While the bill says people with pre-existing conditions will have “access,” it does not address affordability. The legislation would let states opt out of the requirement for standard premiums, under certain conditions. If a state maintains protections such as a high-risk pool, it can allow insurers to use health status as a factor in setting premiums for people who have had a break in coverage and are trying to get a new individual policy.
U.S. Rep. Rodney Davis, R-Taylorville, who was part of the AHCA negotiations in March and has been part of a group of legislators meeting regularly to discuss the effort, said exemptions already existed under the ACA.

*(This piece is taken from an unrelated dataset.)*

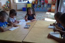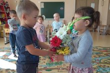Театр, как известно, любят и дети, и взрослые. Его возможности многообразны, а сила воздействия велика. Воспитанникам старшей группы «Колобок» очень полюбились театрализованные игры. Это волшебный мир, в котором малыши радуются, играя с пальчиковыми, конусными, перчаточными куклами. Дети учатся согласовывать свои действия с партнерами, смотреть на себя со стороны, строить взаимодействие и общение друг с другом. Ребята с удовольствием обыгрывают знакомые сказки. Устраивают театрализованные представления друг для друга. Театрализованные игры способствуют всестороннему развитию детей: развивается речь, память, целеустремленность, усидчивость. (воспитатели: Абдуллина Г.М., Низамиева Ф.С.)

“There’s a waiver process. States are the ones who regulate health care insurance coverage,” Davis said. “It’s not a nationwide regulated product. So states, if they meet a very high standard of requirements including having a plan to cover pre-existing conditions, they have to make sure they’re going to offer lower prices, they have to make sure they’re offering more accessible coverage.”
He cited when Vice President Mike Pence put in accountability measures in the Medicaid system while governor of Indiana.

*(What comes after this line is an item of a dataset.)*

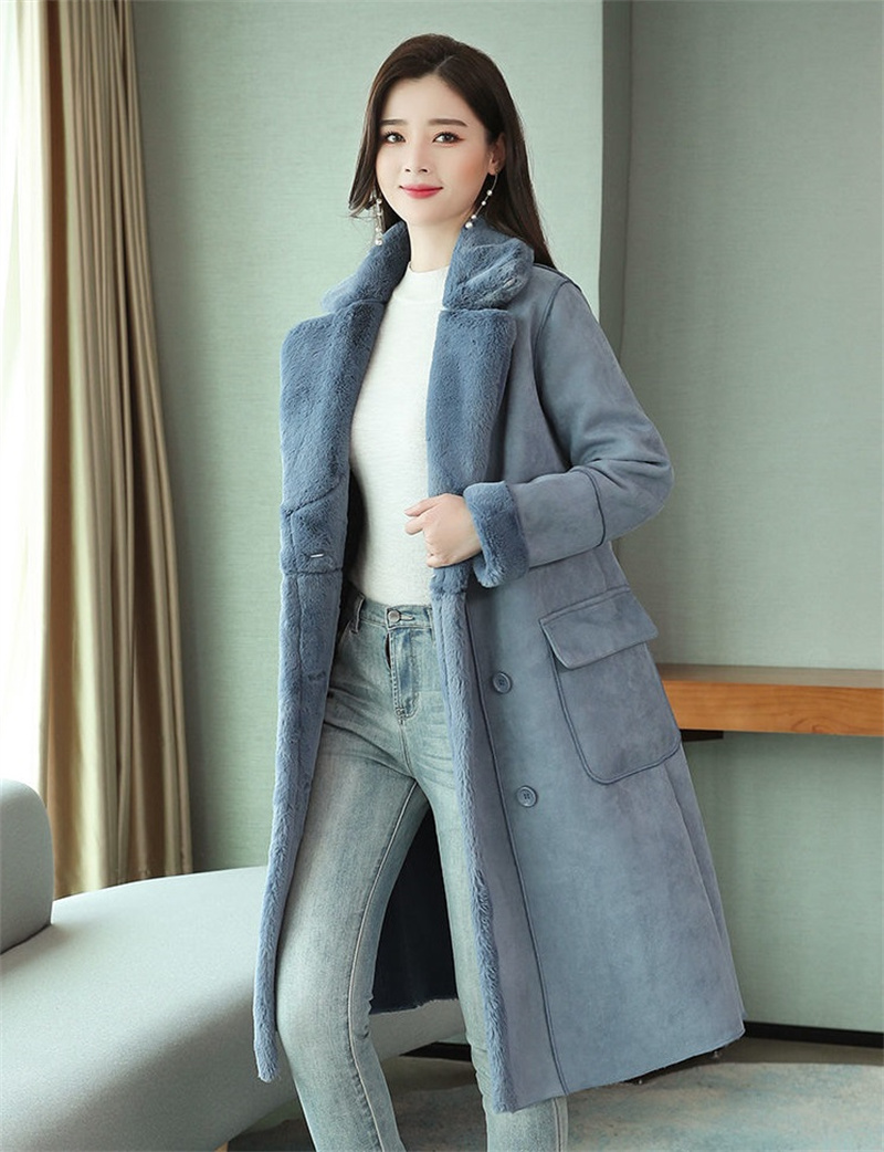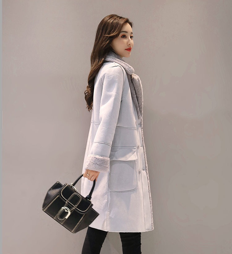 Lamb Wool Coat Female Winter ThickVelvet Thick Suede Coat Mid-length Fur One Lapel Coat Commuter Buttons Splicin

“States, when they have innovative ideas, can petition the federal government now, and will be able to then implement those plans if they’re good ideas and good plans,” Davis said. “But rest assured, those always are going to have to have a plan in place to cover pre-existing conditions. It’s just not true what people are saying.”
The fact that we’re still talking about it, is not a bad thing. It’s a good thing because people are sitting down, trying to make the bill better. This newest version is better, because there is no exception for pre-existing conditions and the federal essential health benefits that exist today under the current law, will exist under the new law too.

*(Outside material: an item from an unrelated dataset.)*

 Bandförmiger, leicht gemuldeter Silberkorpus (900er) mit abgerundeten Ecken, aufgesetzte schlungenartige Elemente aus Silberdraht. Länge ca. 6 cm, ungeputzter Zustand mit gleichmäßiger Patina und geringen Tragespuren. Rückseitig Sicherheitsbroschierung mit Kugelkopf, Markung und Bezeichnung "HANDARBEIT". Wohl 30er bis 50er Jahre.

U.S. Rep. Rodney Davis, R-Taylorville
Davis also laid blame on U.S. House Democrats for not participating in the process.
“The real untold story in this whole debate is how the Democrats have done nothing to fix a broken system that many of them helped create,” Davis said. “That still left 29 million Americans without health care coverage, and 31 million more Americans with health coverage they can’t afford to use.”
U.S. Rep. Mike Bost, R-Murphysboro, has said he would have voted in favor of the AHCA if it had been brought to the floor for a vote in March, and said it was just a part of a three-pronged approach of repealing and replacing the Affordable Care Act.
George O’Connor, a spokesman for Bost’s office said the congressman has yet to decide how he would vote if the revised bill came to a vote now.
“He’s still waiting to see exactly how the final version will affect Southern Illinois,” O’Connor said. “We’re definitely taking a hard look at it.”
“It’s a moving target,” O’Connor added. “We don’t know what the final version is going to be.”
He’s still waiting to see exactly how the final version will affect Southern Illinois. We’re definitely taking a hard look at it.
George O’Connor, spokesman for U.S. Rep. Mike Bost, R-Murphysboro
There had been a provision to exempt Congress and its staff from provisions of the bill, but additional legislation is being pushed as well to ensure no exemptions exist for elected representatives.
“That’ll be fixed. That was written in to comply with some Senate rules to make sure it’s just a budget vote,” said U.S. Rep. Tom MacArthur, R-New Jersey, who authored the amendment, told the Hill.
Davis said he wouldn’t make a prediction on when a vote could happen.
“The fact that we’re still talking about it, is not a bad thing. It’s a good thing because people are sitting down, trying to make the bill better. This newest version is better, because there is no exception for pre-existing conditions and the federal essential health benefits that exist today under the current law, will exist under the new law too,” Davis said. “To me the changes, the deliberation made it a little better than what it was before. There are other ideas that I hope come out that can make it even better and in the end be more supported.”
The Associated Press contributed to this report.